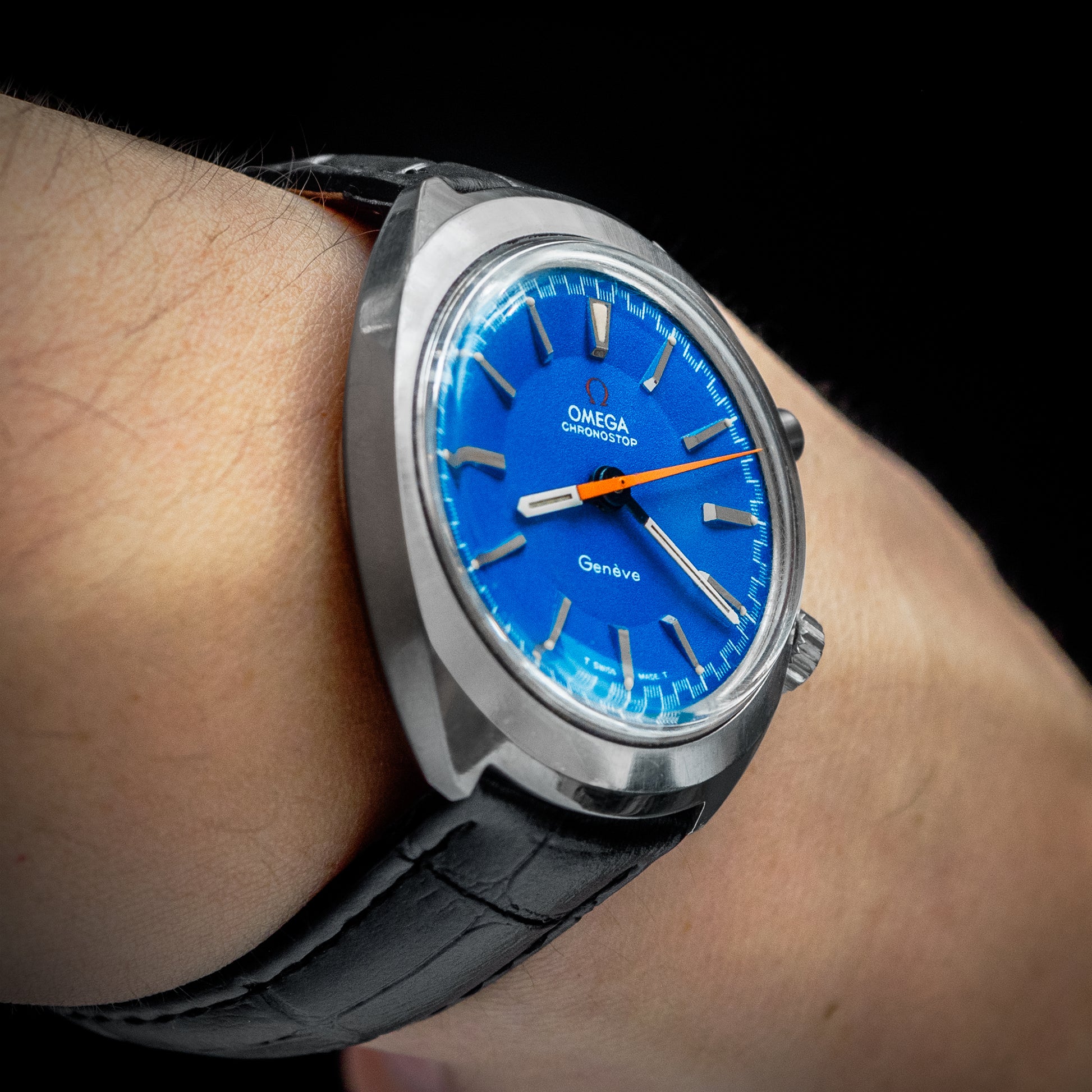 This Omega Geneve Chronostop from the 1968 features a stunningly beautiful matte blue dial with orange Omega logo and a matching orange chronograph hand.
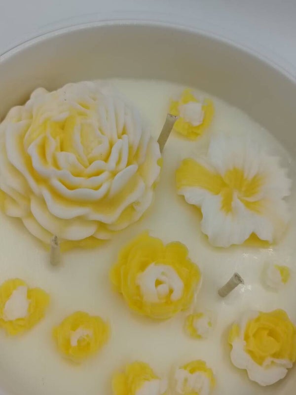 Découvrez cette somptueuse bougie 3 mèches – 240g, une véritable pépite alliant esthétique et bien-être. Chaque bougie est ornée de délicates fleurs en cire et sublimée par des fragrances envoûtantes, créées à Grasse.
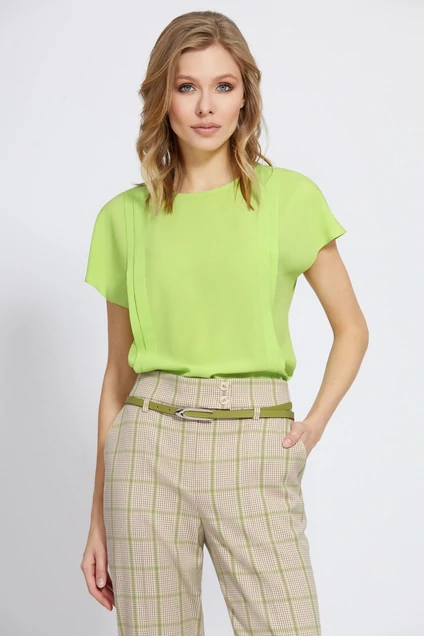 Однотонная блузка из лёгкого приятного материала, с округлой формой горловины и короткими цельнокроеными рукавами, украшена вертикальными складками в два ряда. Свободный крой позволяет чувствовать себя максимально комфортно, а каплевидная застёжка на навесную петлю и ювелирную пуговицу добавит удобства при носке. Блузка станет акцентной деталью ваших образов.
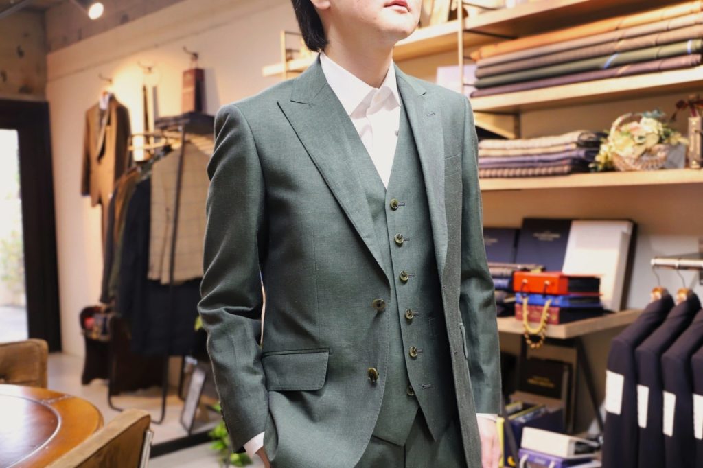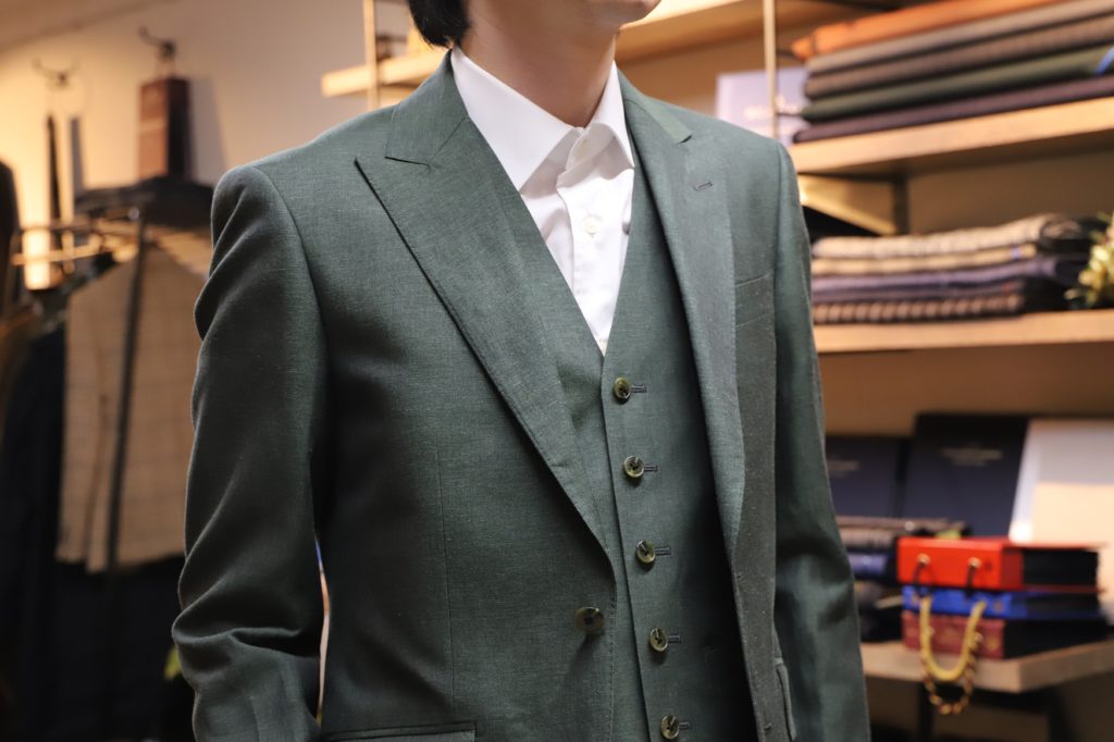 本日は、4月の挙式に向けてオーダーいただいておりました素敵な新郎様衣装のご紹介を。リネンの風合いが感じられる、爽やかなグリーンカラーのスリーピーススタイル。N様、この度は誠にありがとうございました。
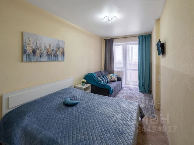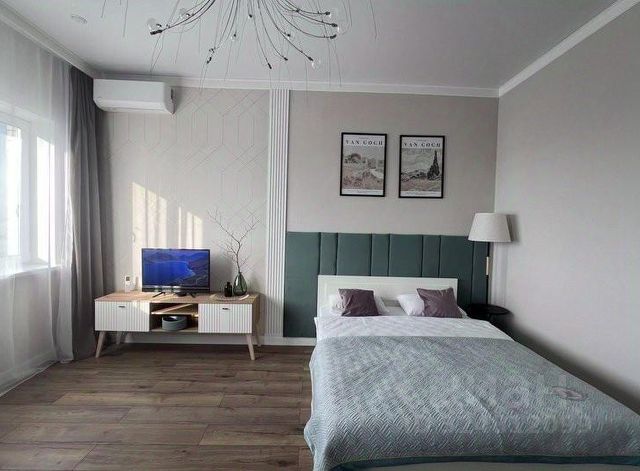 Прекрасная студия со свежим ремонтом в новом доме с чистым подъездом. У самого неба. Размещение до 4-х гостей. Выше всех. 18 этаж весь город как на ладони. Потрясающий закат, линия горизонта на весь вид. Два окна, много света. Плотные шторы, если нужно уединение. Мощный кондиционер, чтобы создать комфортную температуру в помещении. Шикарная двухспальная кровать с мягким изголовьем изумрудного цвета. Матрас шикарный 160 на 200 и высотой 22 см. как в хороших отелях. Идеальное, плотное белое постельное бельё. Страйп-сатин плотностью 140 г/кв. м. В полосочку, как Вам нравится. Без запаха и отлично отглаженное в профессиональной прачечной. Три световые зоны. Оригинальная современная огромная люстра в центре студии, подсветка зоны кухни, подсветка оконной зоны. Для мягкого вечернего света-оригинальный торшер возле кровати. Телевизор в наличии есть. Подключена приставка со СМАРТ ТВ. Оплачен WINK от Ростелекома. Много каналов ТВ и фильмов. Хороший роутер даёт возможность по Вай-фай подключиться к Интернету. В кухонной зоне большая столешница под белый мрамор с круглой мойкой, чайником и встроенной индукционной плитой на 2 конфорки. В шкафчиках найдёте комплект посуды на 3 персоны со столовыми приборами. Кастрюльки и сковорода есть в наличии. И да, штопор и бокалы для вина тоже есть, мы не забыли. Холодильник небольшой стоит рядом, Микроволновая печь есть для разогрева пиццы, когда надо быстро. Положили чай, соль и сахар. Если приедете по работе, есть в сторонке письменный стол с настольной лампой и розеткой. Не придётся работать на обеденном столе. Он тоже есть рядом, чтобы сесть вместе и вечерком отужинать. Для уюта украсили студию постерами Ван Гога. Если запомнить, можно блеснуть знаниями искусства конца начала середины 19 века в компании. Для вещей установили высокий шкаф-купе с зеркалами во весь рост, девушкам будет удобно посмотреть на свою красоту, а мужчинам на девушку. В шкафу много полок и вешалка с плечиками, чтобы не мялась одежда. Если что то помялось, не страшно. Есть неплохой новый утюг с паром и гладильная доска. Всегда можете привести одежду в порядок. Будет нужен пар в утюге, налейте в него воды. Мерный стаканчик будет рядом. В прихожей оставили традиционные крючки для верхней одежды с полкой для головных уборов. Справа от входа поставили оригинальный столик из Икеи на двух колёсиках. Положить сумку или рюкзак после насыщенного дня. Для гигиенических процедур установили небольшую ванну 150 на 80см, расслабиться посидеть в горячей воде. На классную полочку из дерева, можно положить ноутбук или смартфон и смотреть фильмы расслабившись. Вы торопитесь на встречу или нет желания ждать наполнения ванны-примите душ, рядом будет шампунь с кондиционером. Посушить вещи установлен электрический полотенцесушитель. Резервный бойлер в ванной комнате установили на случай отключения горячей воды. Положили новенький фен для сушки всего. Коврик для ног в ванной кладём один. Полотенца для каждого. Стиральная машина порадует наших гостей в

Task to carry out: Beginning with the first line of the records above, extract each line exactly through the line that holds "Découvrez cette somptueuse", both ends included. Omit pictures.

Written answer:
 This Omega Geneve Chronostop from the 1968 features a stunningly beautiful matte blue dial with orange Omega logo and a matching orange chronograph hand.
 Découvrez cette somptueuse bougie 3 mèches – 240g, une véritable pépite alliant esthétique et bien-être. Chaque bougie est ornée de délicates fleurs en cire et sublimée par des fragrances envoûtantes, créées à Grasse.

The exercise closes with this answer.